We now want to put in writing substitute-many in order that we are able to name it successively to get larger and larger substitution. To attain this we want substitution guidelines for M-edges for fixing dist which is given by M-edge-reps.
(outline (M-edge-reps e)
(let ([turn (M-edge-turn e)])
(cond
[(A-? e) (list (B- turn) (X- turn) (X+ (+ turn 1)))]
[(A+? e) (list (X- (+ turn 1)) (X+ turn) (B+ turn))]
[(B-? e) (list (X- (+ turn 1)) (X+ turn) (A- turn))]
[(B+? e) (list (A+ turn) (X- turn) (X+ (+ turn 1)))]
[(F-? e) (list (X+ turn) (L turn) (X- turn) (F+ (+ turn 1)))]
[(F+? e) (list (F- (+ turn 1)) (X+ turn) (L turn) (X- turn))]

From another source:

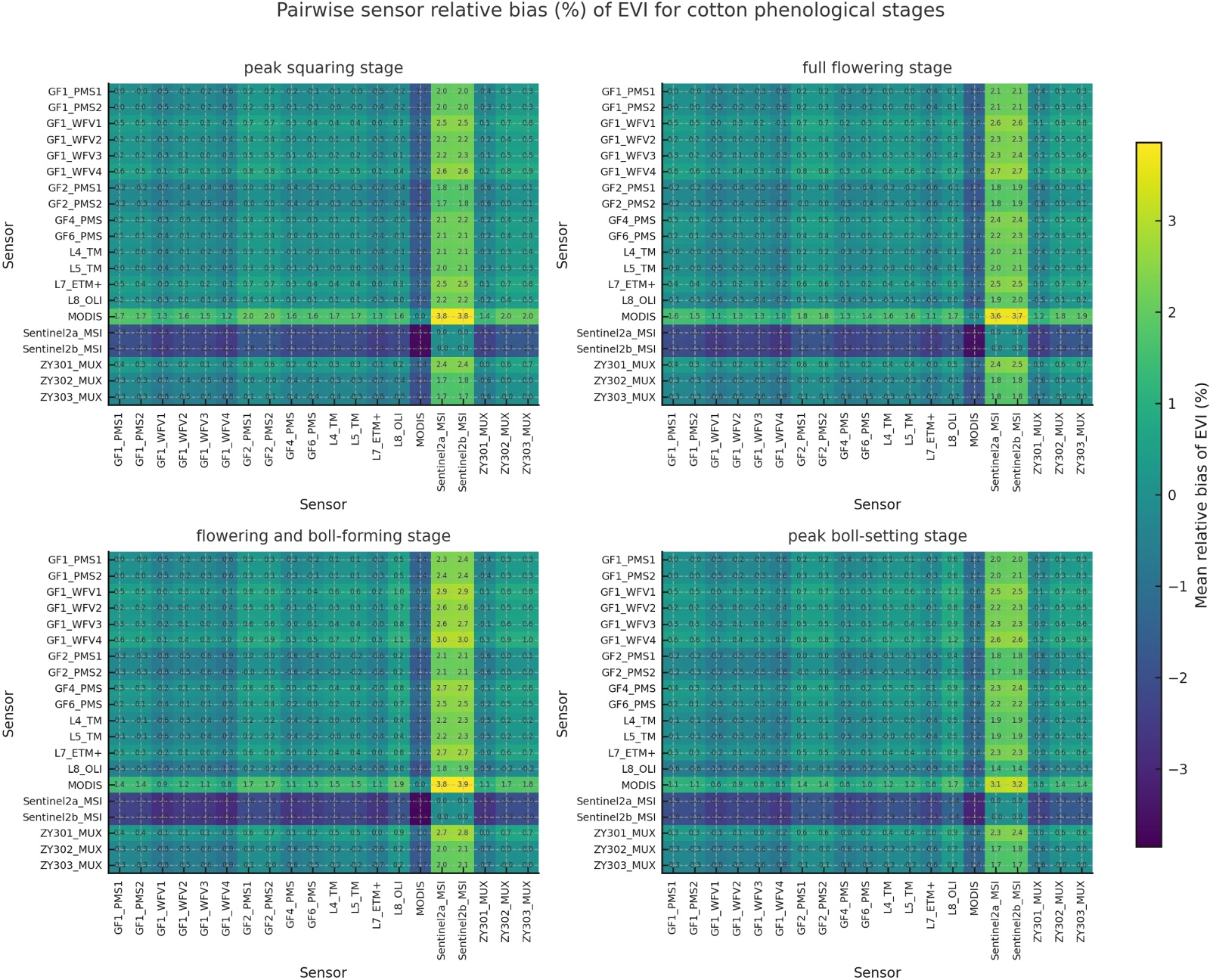 EVI的相对偏差矩阵整体数值略高于NDVI,表现出更强的指数敏感性。如图4,在盛蕾期和盛花期,所有传感器对的平均绝对相对偏差分别约为0.78%和0.79%;花铃期达到约0.87%,为四个物候阶段中最高;盛铃期略有回落,为约0.76%。各物候期的最大绝对相对偏差分别约为3.80%、3.69%、3.85%和3.17%,明显高于NDVI对应的1%~2%水平。其中,EVI最大偏差同样主要集中在MODIS与Sentinel2b_MSI组合,在盛蕾期、盛花期和花铃期的相对偏差接近±3.7%~3.9%,盛铃期略低但仍在±3.2%左右。相比之下,GF系列内部以及GF与Landsat系列之间的EVI相对偏差大多维持在±1%左右,明显低于上述跨平台组合。该结果表明,在三种指数中,EVI对多传感器反射率细微差异更为敏感,尤其是在花铃期,少数传感器组合在EVI层面的相对偏差可接近4%。

[(L? e) (list (L (- turn 1)))]
[(X-? e) (list (X- (- turn 1)) (X+ turn) (L turn) (X- turn) (F+ (+ turn 1)))]
[(X+? e) (list (F- (+ turn 1)) (X+ turn) (L turn) (X- turn) (X+ (- turn 1)))])))
(outline (turn-M-edge e t)
(cond
[(A-? e) (A- (+ t (M-edge-turn e)))]
[(A+? e) (A+ (+ t (M-edge-turn e)))]
[(B-? e) (B- (+ t (M-edge-turn e)))]
[(B+? e) (B+ (+ t (M-edge-turn e)))]
[(F-? e) (F- (+ t (M-edge-turn e)))]
[(F+? e) (F+ (+ t (M-edge-turn e)))]
[( L? e) ( L (+ t (M-edge-turn e)))]
[(X-? e) (X- (+ t (M-edge-turn e)))]
[(X+? e) (X+ (+ t (M-edge-turn e)))]))
(outline (substitute pm)
(let ([o-turn (p-meta-turn pm)]
[o-dist (p-meta-dist pm)]
[o-meta (p-meta-meta pm)])
(map
(lambda (p) (struct-copy p-meta p
[turn (+ o-turn (p-meta-turn p))]
[dist (append (apply append (map M-edge-reps o-dist))
(map (lambda (e) (turn-M-edge e o-turn))
(p-meta-dist p)))]))
(cond
[(eq? o-meta meta-H) meta-H~>]
[(eq? o-meta meta-T) meta-T~>]
[(eq? o-meta meta-P) meta-P~>]
[(eq? o-meta meta-F) meta-F~>]))))
(outline (substitute-many p-metatiles)
(apply append (map substitute p-metatiles)))
We’ve got all equipment prepared for hat tiling. Code is listed here which additionally consists of features to mission hats into metatiles, which isn’t lined right here.